Book review entries

February 25, 2006

Sucked in!

I was searching some poetry by Gwyneth Lewis to understand her poetics for a presentation I have to do for Practice of Poetry. The first poem I read was in Staying Alive: real poems for unreal times and it was a small section from her sequence poetry book: Zero Gravity. Although I appreciated it for its poetical and linguistic qualities, I could not easily figure out what the underlying meaning was (I understood the whole astronaut bit though). Then I read some things in her website: www.gwynethlewis.com that I didn't really like that much, partly because they seemed to be assigned poem about special Welsh National occasions. But then, (!) I found this! and I was blown away. The language is powerful and tight, very vibrant, with strong images. He uses the Spanish extremely effectively, in a way that I could only dream of doing…at least til I have a go at imitating her! I just wish there was more information available about her, and more poems online and in the library.

Enjoy the poem in the meantime, hopefully as much as I did.

Happy Flamenco

Don’t tell me when to be happy.
I’m losing my mind. No loss,
you say, because outside
oranges ripen in the cold,
to make bitter marmalade. I pray
I’ll be put back together in a larger way.

Now that you’re with me, back from the dead,
(I didn’t turn round! I didn’t
turn round!) my heart’s
gone missing. It beats like the band
that meets to rehearse by Delícias Bridge
for fiesta or carnival. The bugles are loud
but, for all their practice, they’re getting worse.
This is as well as my heart will ever be.

I thought you were gone. But the Guadalquivir
swells each day with a fifty-mile tide
that brought low galleons of New-World gold
to the quays, then didn’t. This time round
I’ll remember everything and lock it all
in the Toro de Oro of my inner eye.
My body’s an empire importing only you.

I saw you drifting on the evening ebb
in a tiny dinghy, no engine, no oars,
under dark eucalyptus. I called
until the herons flew
but you didn’t hear me. Don’t you know
how strong is the current, how the greedy sea
takes everything to it – dead horses, old shoes,
tree trunks and you, and it won’t let go
no, not even when you might have reached
Sanlúcar de Barrameda and the wrecking bar?

Mist covers the river’s body like a ghost. Our life
goes through us. You are the bull
I dance with. I no longer know
who leads, who follows but I flick the cloak
as though – Olé, olé –
love weren’t the ultimate lack of style,
the skill of ensuring that the other survives
in the wet sand, panting to the bullring’s roar.
A crimson switch in the back of my eye
and I charge at the lights, at a swordpoint’s star.

You say you can’t dance, but your blood cells can.
Lymphoma flamenco, full of passionate verve,
technique and duende.

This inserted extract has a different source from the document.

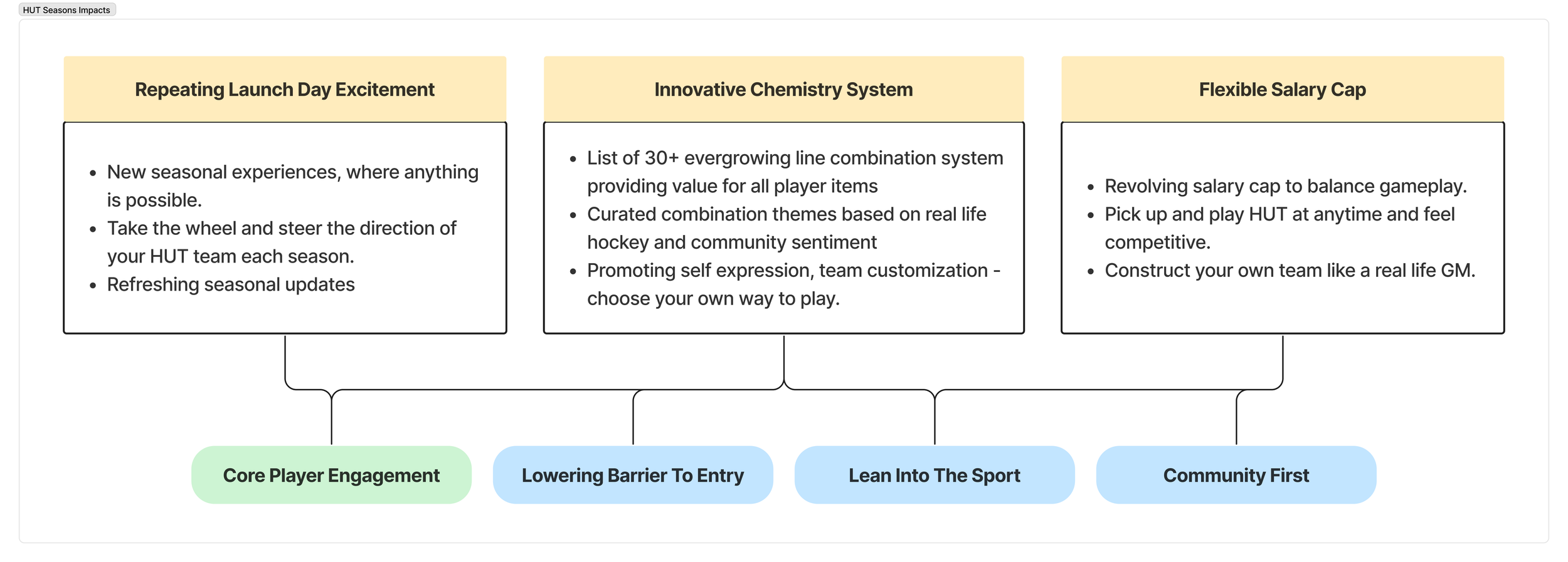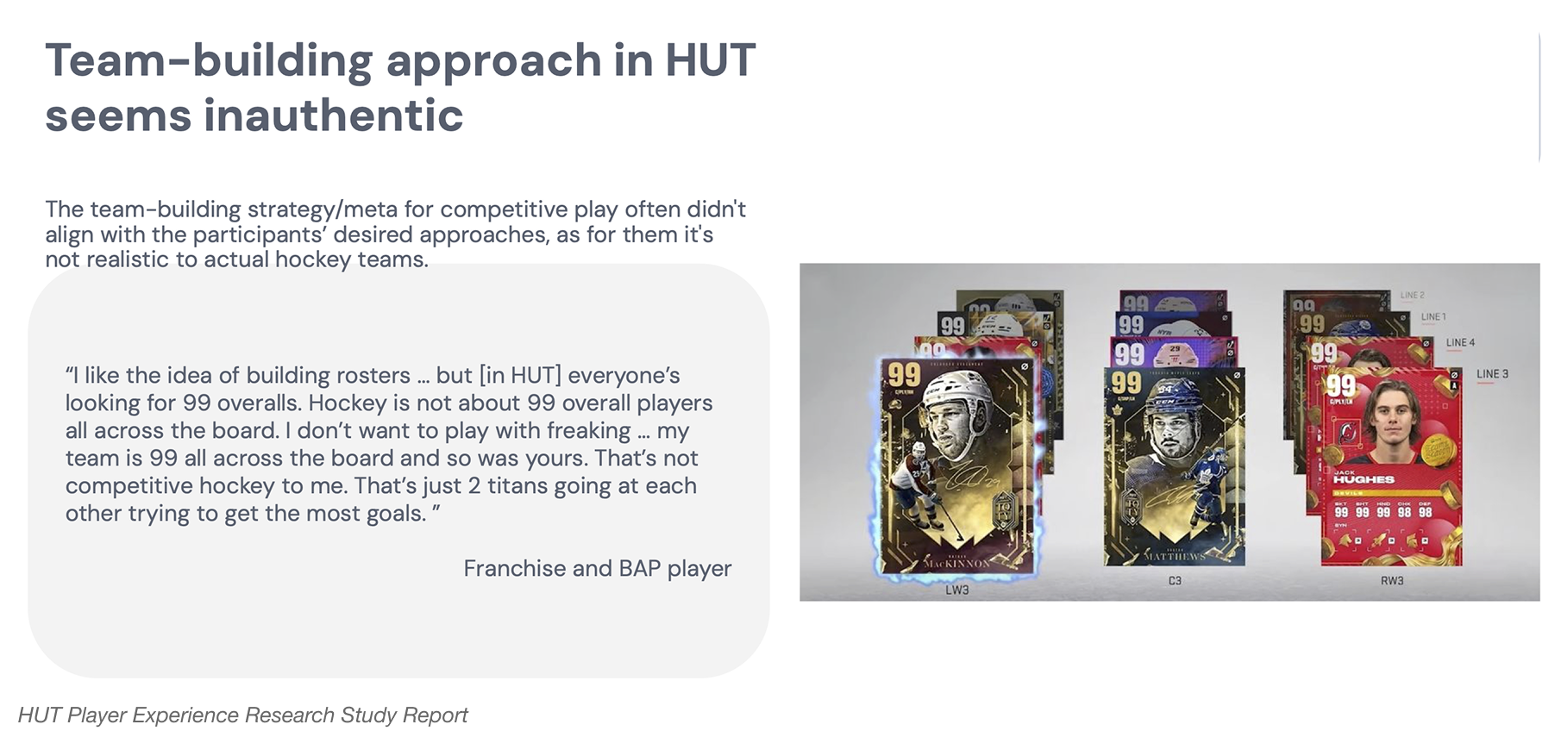 As part of a long-term initiative to shift the Hockey Ultimate Team (HUT) game mode into an evergreen model, my team supported a project focused on reshaping team-building dynamics to ship in NHL26. The goal of this project was to create new incentives for our users to stay engaged and competitive throughout the product’s life cycle while also ensuring player cards maintain their utility.

Deep in the bone
you need a different rhythm now
uno, dos, tres, quatro, cinquo, seis,
no tarantella, but the writhe of a snake
tuning the mesh of your DNA,
a Sevillana, with viper hands,
stamping on cancer.
Now’s the fiesta. Eso es. Ole.

—————————————————————————————————————————————————————————————————————

Gwyneth Lewis 2
Gwyneth Lewis has published six books of poetry in Welsh and English. Two in a Boat: A Marital Voyage was published in May by Fourth Estate. She is Wales's first National Poet since April 2005.


December 21, 2005

Listening to a wrist–slitting classic

Title:
Always by Bon Jovi
Rating:
4 out of 5 stars

The hairs on my forearm spike up when I hear the chorus from this song. The way Bon Jovi stops at that first time…how he takes his own time to say that it is he who will love the other always and that he is the one that will be there always….

I want that sense of security forever too.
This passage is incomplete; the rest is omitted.